A direct extension of Azadkia & Chatterjee's rank correlation to multi-response vectors
Jonathan Ansari, Sebastian Fuchs
TL;DR
This work directly generalizes Chatterjee's rank correlation ξ to multivariate responses by introducing a scale-invariant predictability measure $T$, built by converting a multivariate regression problem into a univariate conditional-dependence framework. $T$ satisfies the core axioms of a measure of predictability, the information gain inequality, and a conditional-independence characterization, while admitting a fast, nonparametric, rank-based estimator $T_n$ with asymptotic normality. A permutation-invariant variant $ar{T}$ extends applicability to unordered response components, and closed-form MVN results provide intuition on dependence structure. The authors leverage these properties to develop MFOCI, a model-free, tuning-parameter-free multivariate feature ordering and selection method that scales to multi-output data and demonstrates strong performance against existing approaches in simulations and real data. Overall, the framework enables efficient, interpretable quantification of dependence and robust variable selection for multi-outcome problems across domains.
Abstract
Recently, Chatterjee (2023) recognized the lack of a direct generalization of his rank correlation $ξ$ in Azadkia and Chatterjee (2021) to a multi-dimensional response vector.
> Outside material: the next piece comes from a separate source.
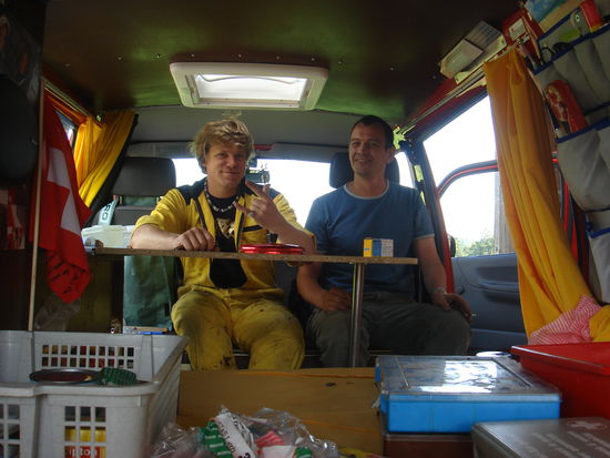 ja und unseren einmaligen Benzinträger Marke Black Flys möchte ich hier auch ganz speziell verdanken!! Figa echt Klasse... und für den Fall der wohl dümmsten Fälle dass unser Buss geklaut würde wissen wir alle: der Auslöser war der Benzinträger von Figa... Bild im nächsten Eintrag
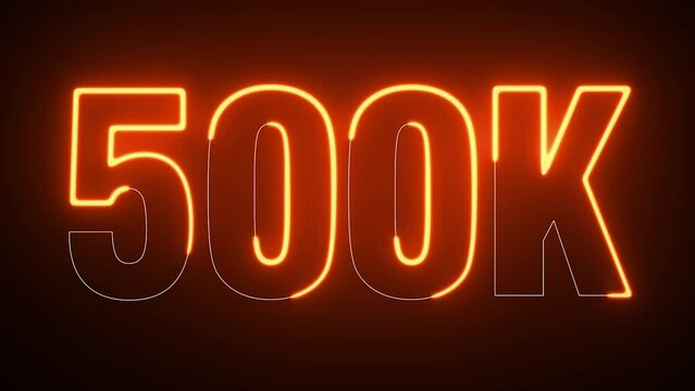 Glowing neon 500k animation of text effect video motion on black background. 300k Followers Celebration text glowing neon animation

As a natural solution to this problem, we here propose an extension of $ξ$ that is applicable to a set of $q \geq 1$ response variables, where our approach builds upon converting the original vector-valued problem into a univariate problem and then applying the rank correlation $ξ$ to it. Our novel measure $T$ quantifies the scale-invariant extent of functional dependence of a response vector $\mathbf{Y} = (Y_1,\dots,Y_q)$ on predictor variables $\mathbf{X} = (X_1, \dots,X_p)$, characterizes independence of $\mathbf{X}$ and $\mathbf{Y}$ as well as perfect dependence of $\mathbf{Y}$ on $\mathbf{X}$ and hence fulfills all the characteristics of a measure of predictability. Aiming at maximum interpretability, we provide various invariance results for $T$ as well as a closed-form expression in multivariate normal models. Building upon the graph-based estimator for $ξ$ in Azadkia and Chatterjee (2021), we obtain a non-parametric, strongly consistent estimator for $T$ and show -- as a main contribution -- its asymptotic normality. Based on this estimator, we develop a model-free and rank-based feature ranking and forward feature selection for multiple-outcome data that works without any tuning parameters. Simulation results and real case studies illustrate $T$'s broad applicability.